Who `dat?: Identity resolution in large email collections
Doug Oard (CSIRO ICT Centre)
CSIRO ICTDATE: 2010-04-19
TIME: 14:00:00 - 15:00:00
LOCATION: CSIT Seminar Room, N101
CONTACT: JavaScript must be enabled to display this email address.
ABSTRACT:
Automated techniques that can support the human activities of search and sense-making in large email collections are of increasing importance for a broad range of uses, including historical scholarship, law enforcement and intelligence applications, and lawyers involved in "e- discovery" incident to civil litigation. In this talk, I'll briefly describe some of the work to date on searching large email collections, and then for most of the talk I will focus on the more challenging task of support for sense-making.

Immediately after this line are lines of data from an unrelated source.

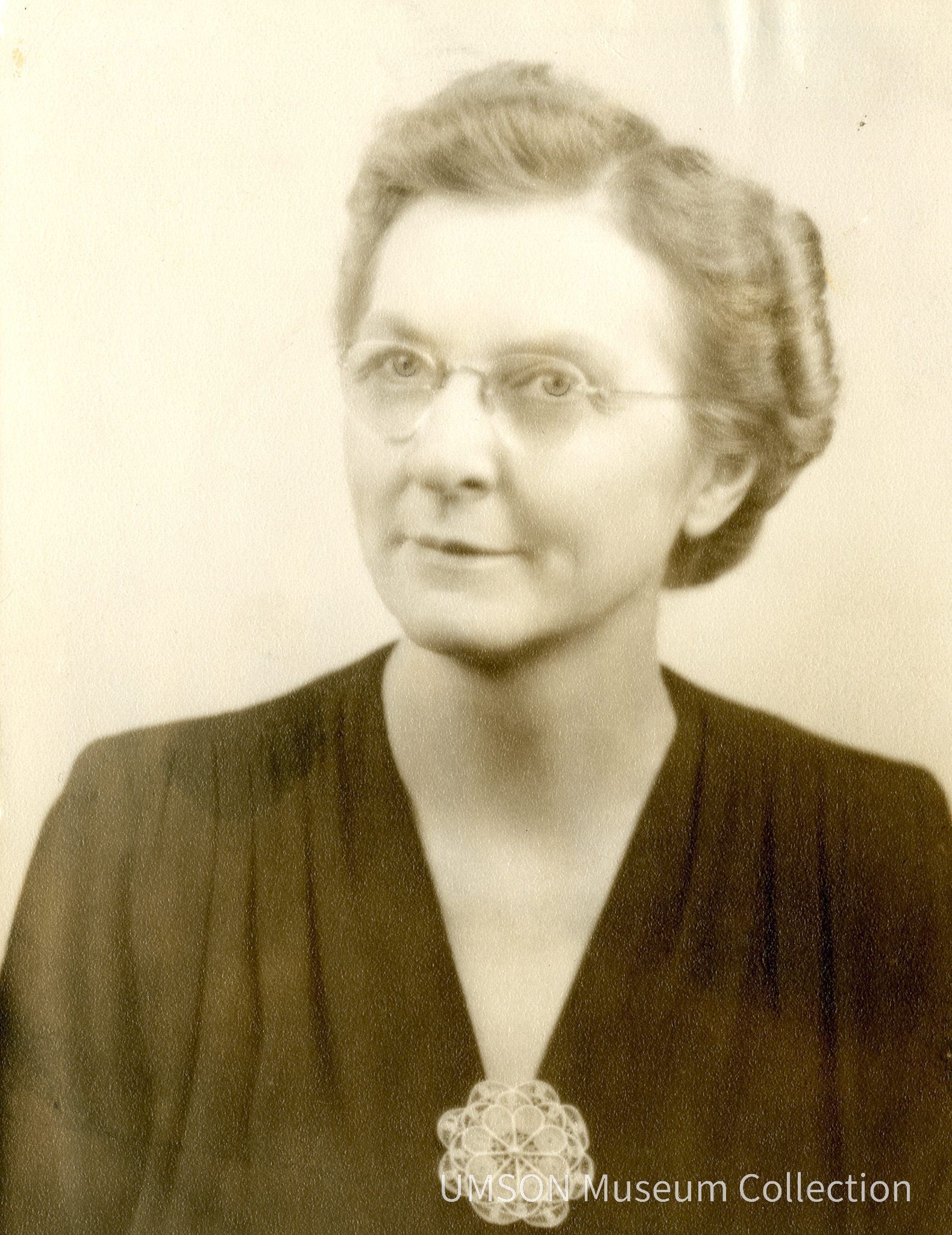 Platinum print mounted of a middle-aged woman wearing rimless glasses and a dark v-neck dress with an abstract floral brooch. Bernice V. Conner, DIN 1912Acquisition
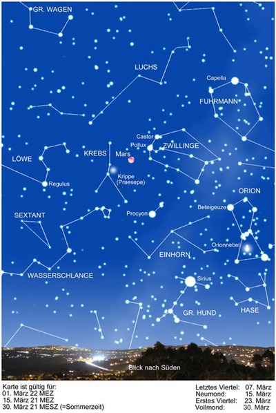 Der März ist der typische Frühlingsmonat. Am ersten Tag des Monats beginnt der meteorologische und am 20. März der astronomische Frühling. Nach dem langen und strengen Winter können wir im März nach dem Naturkalender mit dem Vorfrühling rechnen, der mit der Blüte von Schneeglöckchen und Krokussen beginnt. Auch am Himmel drängen von Osten her Frühlingssternbilder wie Krebs, Löwe und Wasserschlange ans Firmament, während am westlichen Himmelsgewölbe noch Wintersternbilder wie Orion, Zwillinge und Großer Hund verharren.
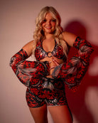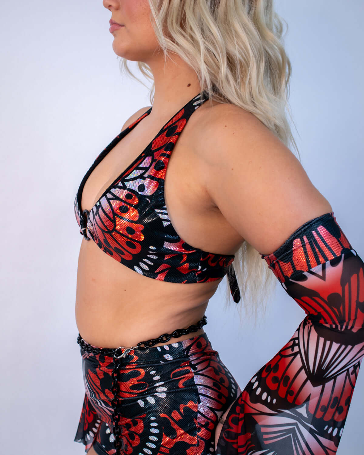 The Lacewing O-Ring Top is a seductive twist on a classic rave halter. With its eye-catching iridescent shimmer and daring O-ring centerpiece, this top brings the heat whether you're on the dancefloor or deep in the underworld of a warehouse set. The striking Lacewing print blends butterfly wings with fiery Halloween vibes—think enchanted forest meets midnight mischief.
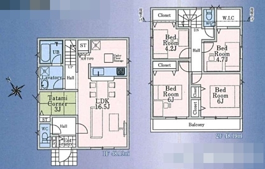 LDK 16.5 畳 1 階 1 室 洋室 6 畳 2 階 2 室 洋室 4.7 畳 2 階 1 室 洋室 4.2 畳 2 階 1 室 洋室 畳コーナー3帖 |
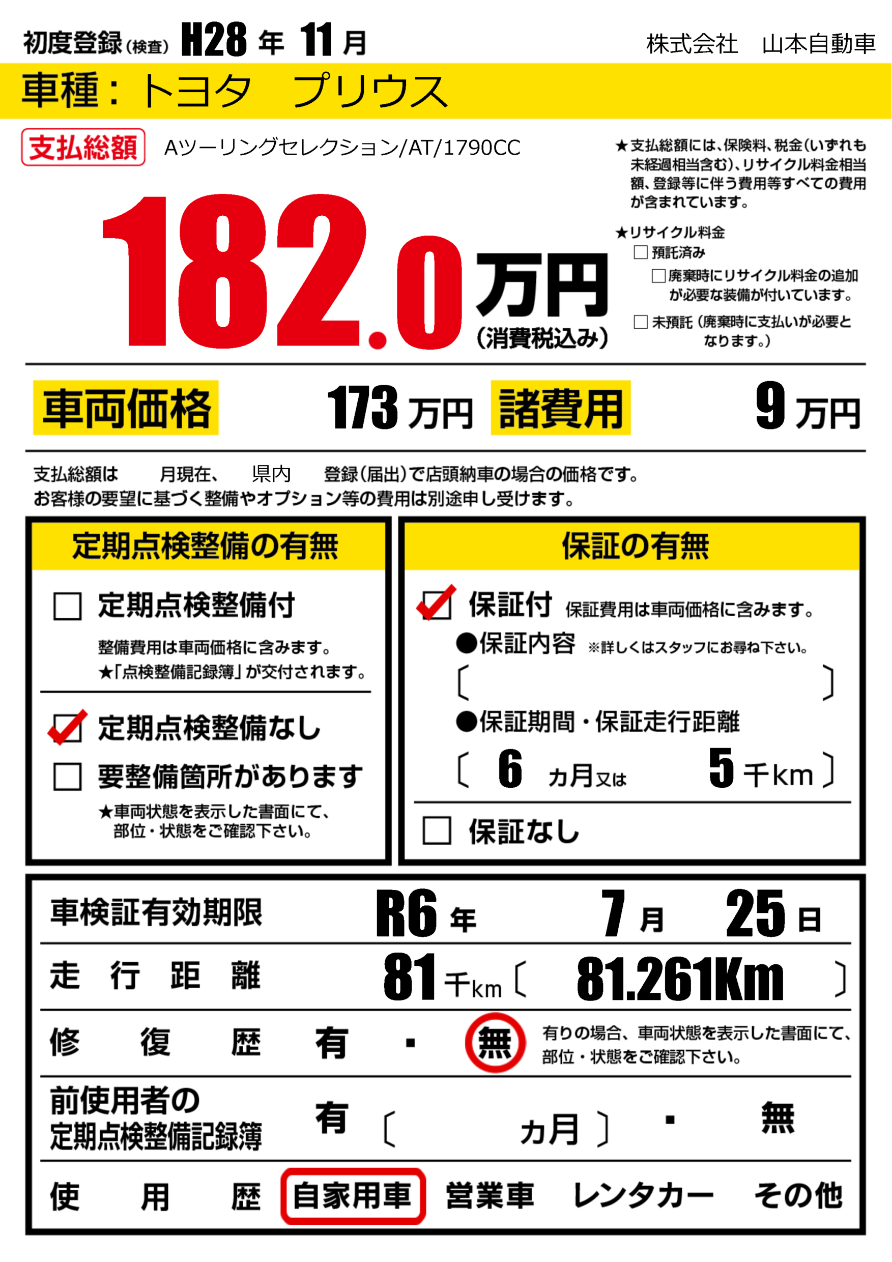 | 車名 | トヨタ プリウス | グレード ミッション 排気量 |
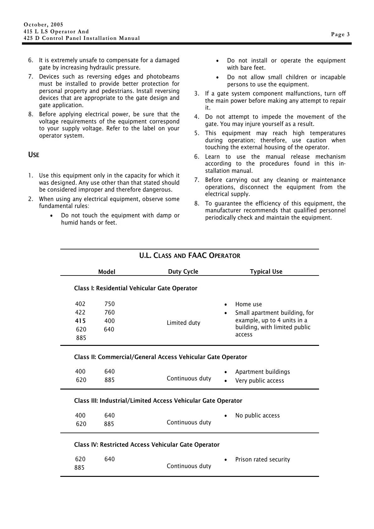 U.L. CLASS AND FAAC OPERATOR
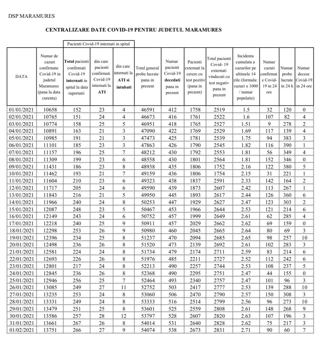 Coronavirus, 1 februarie 2021: S-a ajuns la 538 decese în Maramureș (încă 6)! În județ, în total, 13.751 cazuri de la început (90 noi)
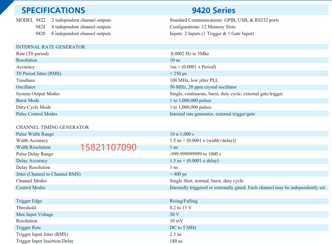 Quantum Composers 9420系列数字延迟脉冲发生器规格:
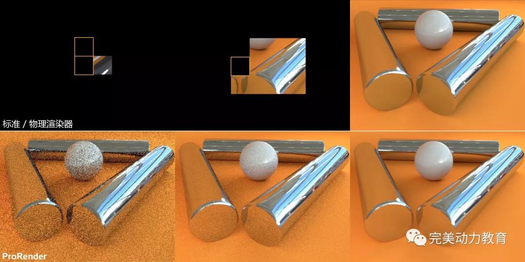上面的一行是標(biāo)準(zhǔn) / 物理渲染器的渲染過程,它需要分區(qū)塊計(jì)算圖像,因此開始時(shí)只能看到一下小部分的效果。
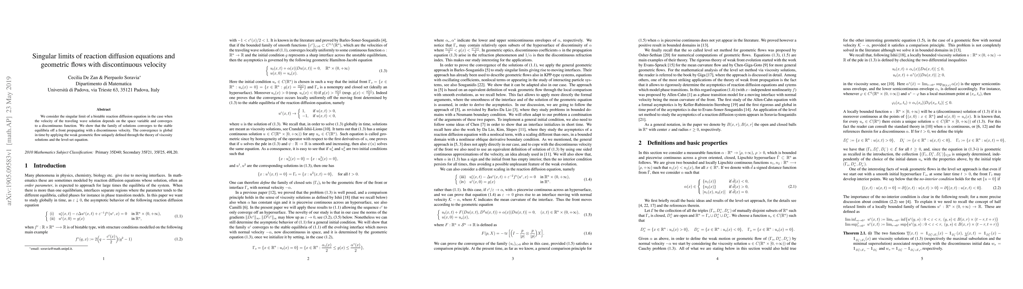 We consider the singular limit of a bistable reaction diffusion equation in the case when the velocity of the traveling wave solution depends on the space variable and converges to a discontinuous function. We show that the family of solutions converges to the stable equilibria off a front propagating with a discontinuous velocity. The convergence is global in time by applying the weak geometric flow uniquely defined through the theory of viscosity solutions and the level-set equation.
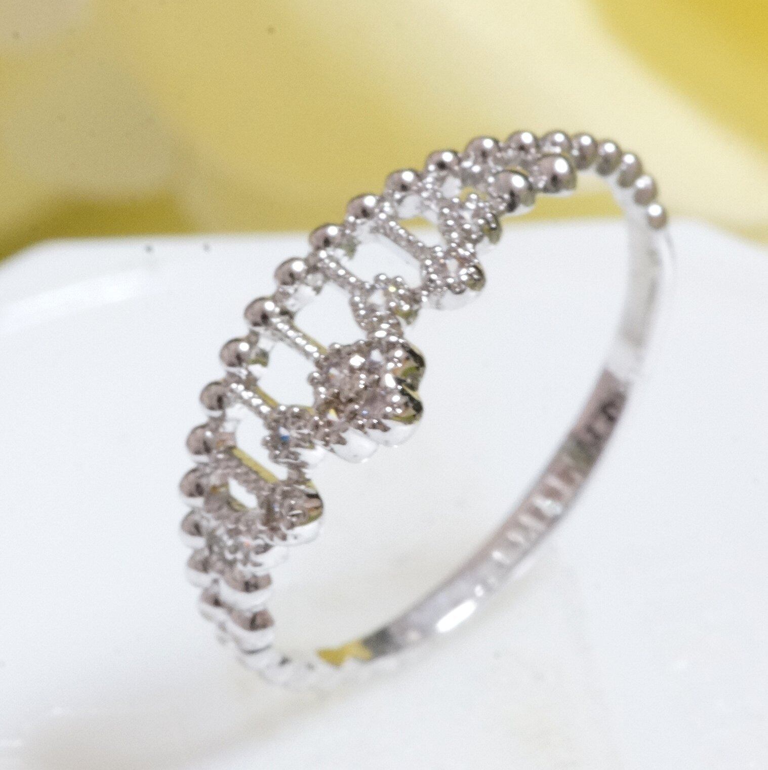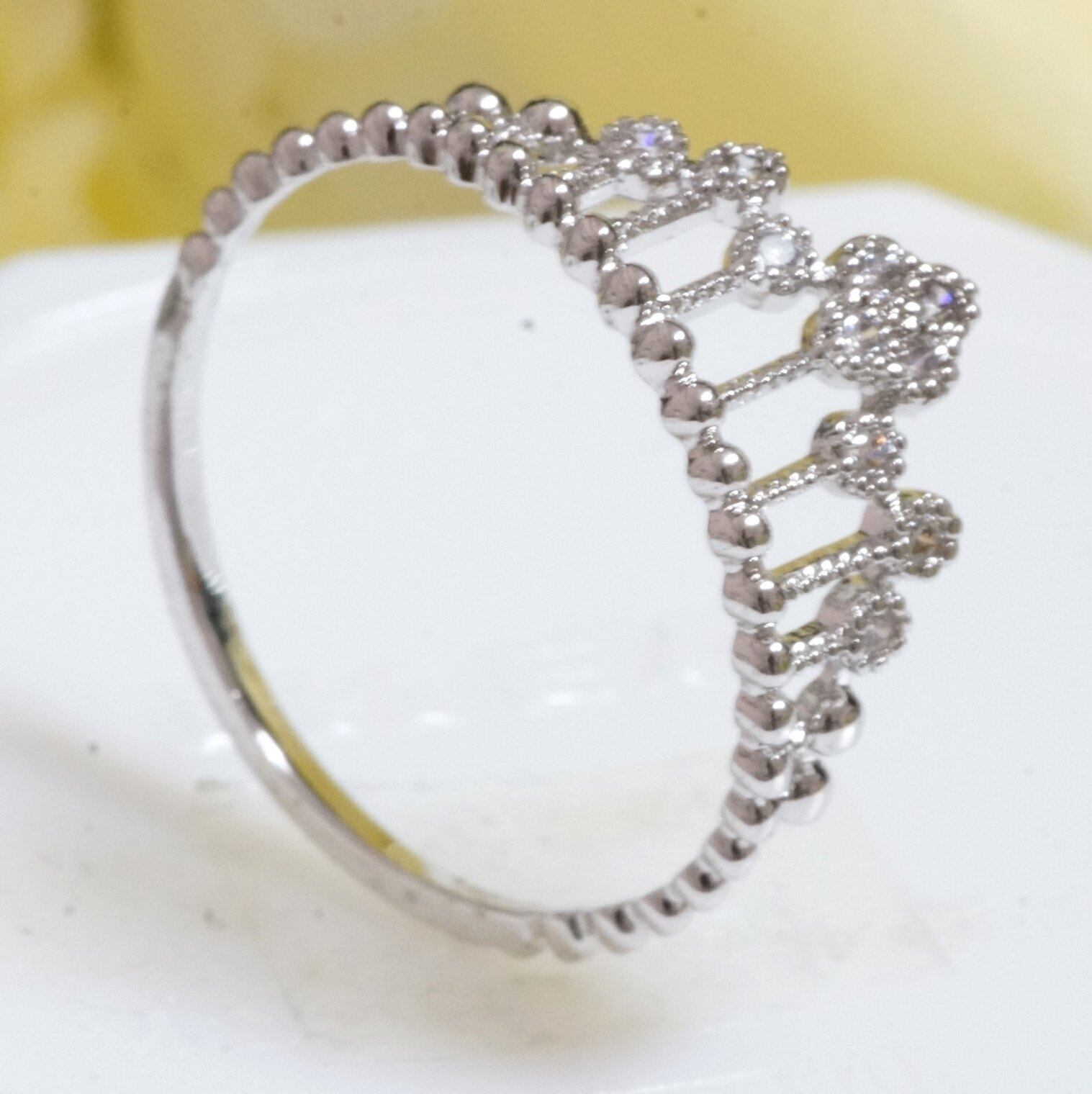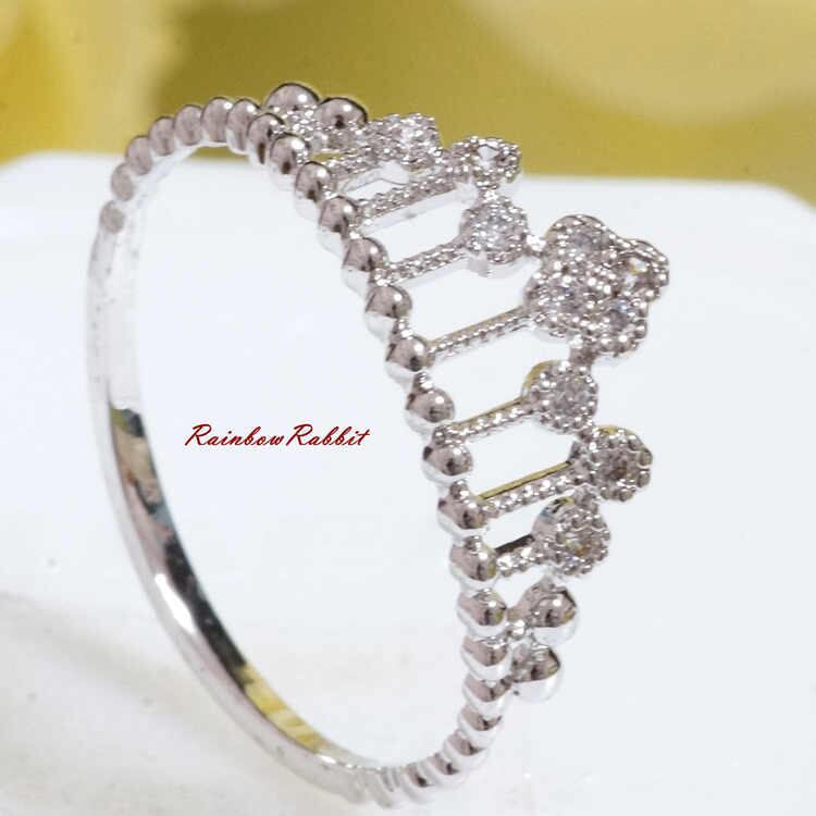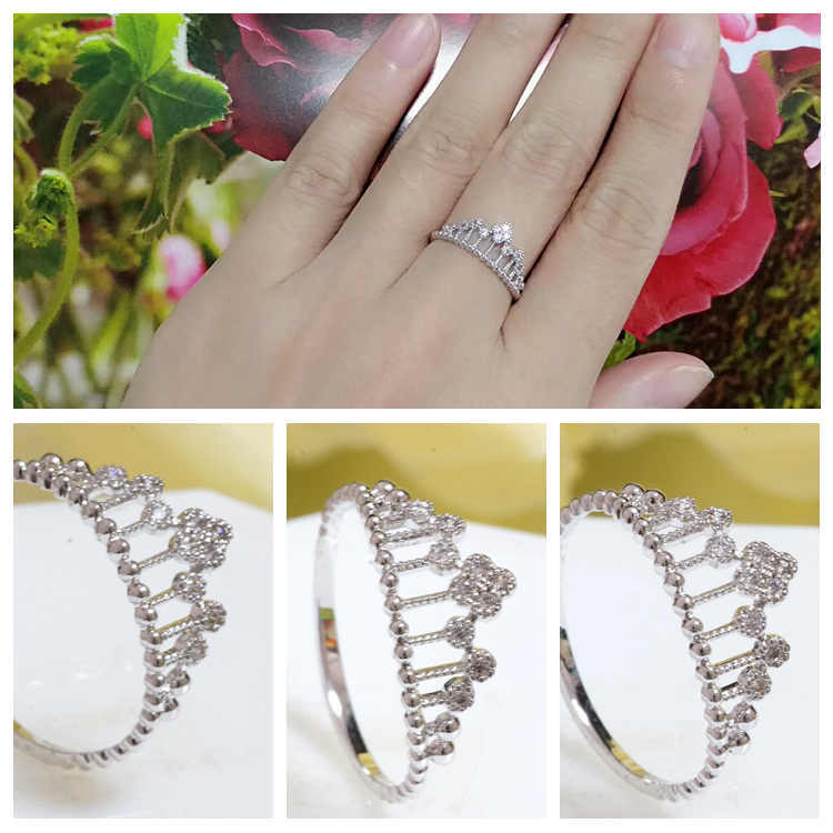 18K RGP プラチナ ダイヤ CZ フラワー 王冠 リング yu984e
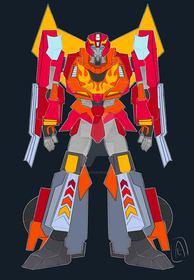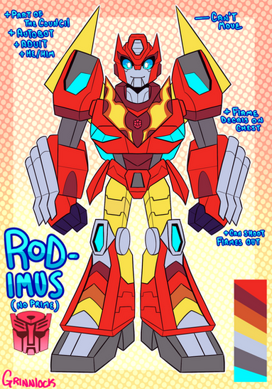 Finally work on my own AU Design for Transformers Rescue Bots Academy I had in my head for months - Even if it's a quick mirror ref! Meet Rodimus ( no prime, just a name change from Hot Rod ) Headcanon to be Hotshot Dad ( or parental figure if preferred that ). Also I based him off of Idw Rodimus more than Cyberverse because I forgot.So in Short:

Specifically, I'll describe joint work with Tamer Elsayed to automatically resolve the identity of people who are mentioned ambiguously (e.g., just by first name) in a collection of email from a failed corporation (Enron). Our results indicate that for people who are well represented in the collection we can use a generative model to guess the right identity about 80% of the time, and for others we are right about half the time. I'll conclude the talk with a few remarks on our next directions for techniques, evaluation, and additional types of collections to which similar ideas might be applied.
BIO:
I am an Associate Professor in the College of Information
Studies and the Institute for Advanced Computer Studies at
the University of Maryland, College Park. My research
interests include cross-language information retrieval,
speech retrieval, and information filtering.